Onirico

railway-908277_1920Mi preoccupo di ciò che sogno. Mi curo dei miei sogni perché hanno un senso viscerale che sento appiccato (volevo scrivere appiccicato. Nel post sui sogni, lascio questo lapsus) addosso. Mi spiegano, mi calmano, a volte seducono o spaventano. L’onirico è il mondo della profondità più oscura e pura, difficile da comprendere, sulla quale il cervello – il mio perlomeno – a volte si blocca. Sogno, ricordo, associo… poi il blocco. Il nero. Non riesco ad andare oltre. Poco male, mi dico, verrà quel sogno così chiaro da rendere inutile ogni ulteriore analisi.

Ho sognato di prendere un treno. Dovevo recuperare qualcosa, un pezzetto di qualcosa di utile. Il mio abbonamento dimenticato, forse. Un frammento.
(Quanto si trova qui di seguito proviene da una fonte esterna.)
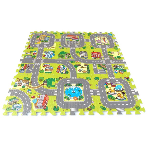 - Colourful city puzzle mats made of durable, odourless EVA foam.

Quando arrivo per questo “recupero”, sono costretta a riprendere il treno nella direzione opposta, seguendo un’amica. Capelli biondi, mossi e corti. Aria giovane e sbarazzina. Un po’ come la Jen di Dawson’s Creek. Ma più matura e forse già vecchia in viso.
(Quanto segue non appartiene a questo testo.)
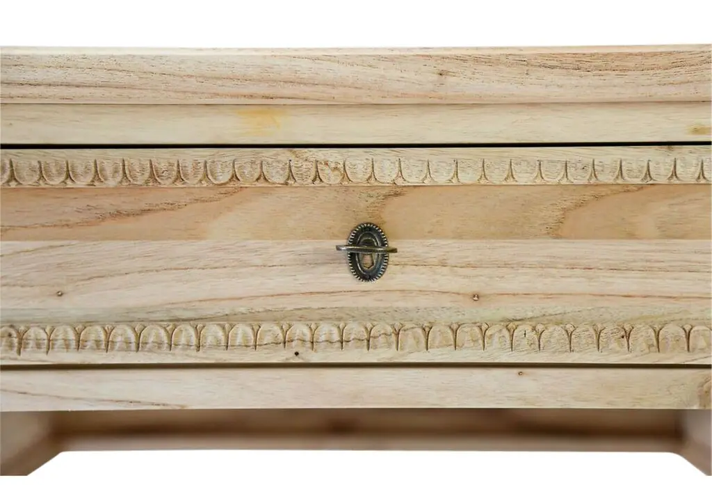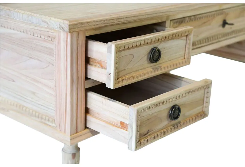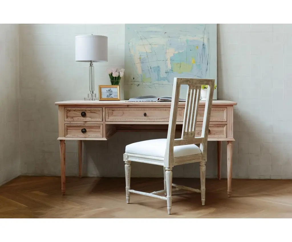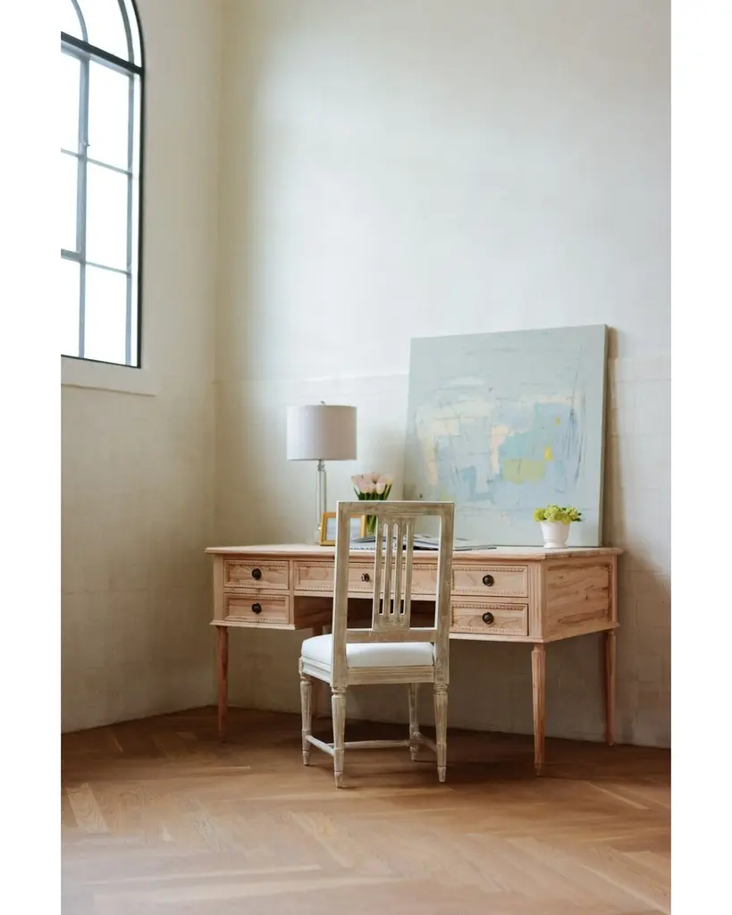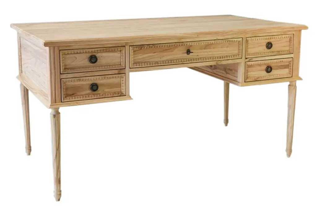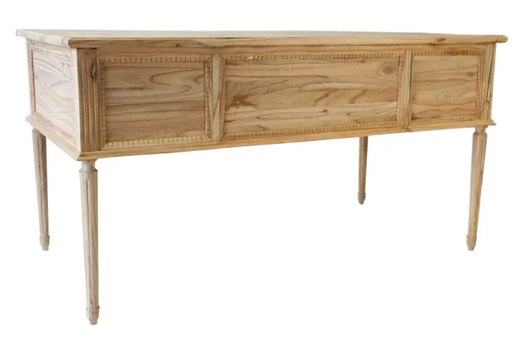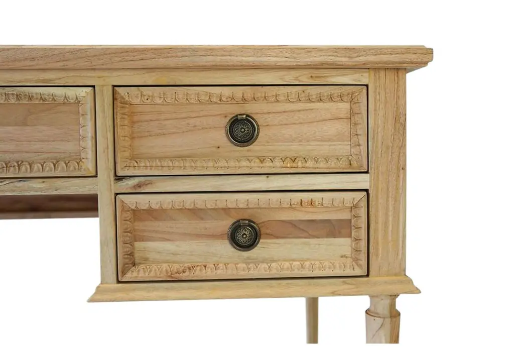 Masterfully carved of mindi wood, this four-drawer desk radiates Louis XVI-inspired allure with ballerina legs, hinged brasses, and a fluted frieze. We love how the wood shows off a swirling, organic grain.

Quando scendo dal treno, un uomo mi si avvicina. Per niente bello, strano, scuro di capelli. Leggermente arabo o latino, non saprei dirlo. Mi si avvicina e mi seduce nel modo più galante possibile. Non ricordo le parole, solo la sensazione di complimenti eterei, dolci, misurati. Una calamita. Io non posso, non posso proprio seguirlo, né dirgli come mi chiamo. La mia amica, lei è là che aspetta. Devo… io… “No, aspetta qui. Lei torna,  è inutile che scendi a quel binario per poi uscirne di nuovo. Aspetta qui”. Parole senza senso apparente, ma che nel sogno un senso lo avevano. E anche ben chiaro. Perché c’era una sorta di meccanismo strano per entrare, uscire da quei binari e recuperare ciò che avevo dimenticato. Che poi, avevo davvero scordato qualcosa lì, in quei tunnel simili a una metropolitana?

Vado. Scappo ancora, di nuovo. Non posso… non posso proprio. Eppure prendo entrambe le strade. Scappo e resto. Vado e ritorno. Vorrei e non vorrei. Nel sogno torno da lui, lo seguo, mi fido. Mi dico che è stupido riprendere un treno in direzione opposta, meglio cambiare. Ma non ho idea di come vada a finire.

La scena cambia. Ho una partita di pallavolo da giocare, ho preso un impegno inconsistente, che nessuno della squadra comprende. Non c’erano le condizioni, troppo caldo? Troppo scarse come giocatrici? Non ricordo, ma so che ci arrendiamo al dovere. Il pulmino della squadra ci viene a prendere alla chiesa del mio paesino di nascita. Nuovo, piccolo, dai colori chiari. Su quel pulmino c’è una donna del paese che non nomino, ma che ancora mi chiedo come sia finita nel mio sogno, visto che nemmeno la conosco bene. Io chiedo di poter tornare a casa mia perché ho scordato la tuta.

Ho scordato. Pezzi di me che non capisco e una sola paura che vorrei vincere.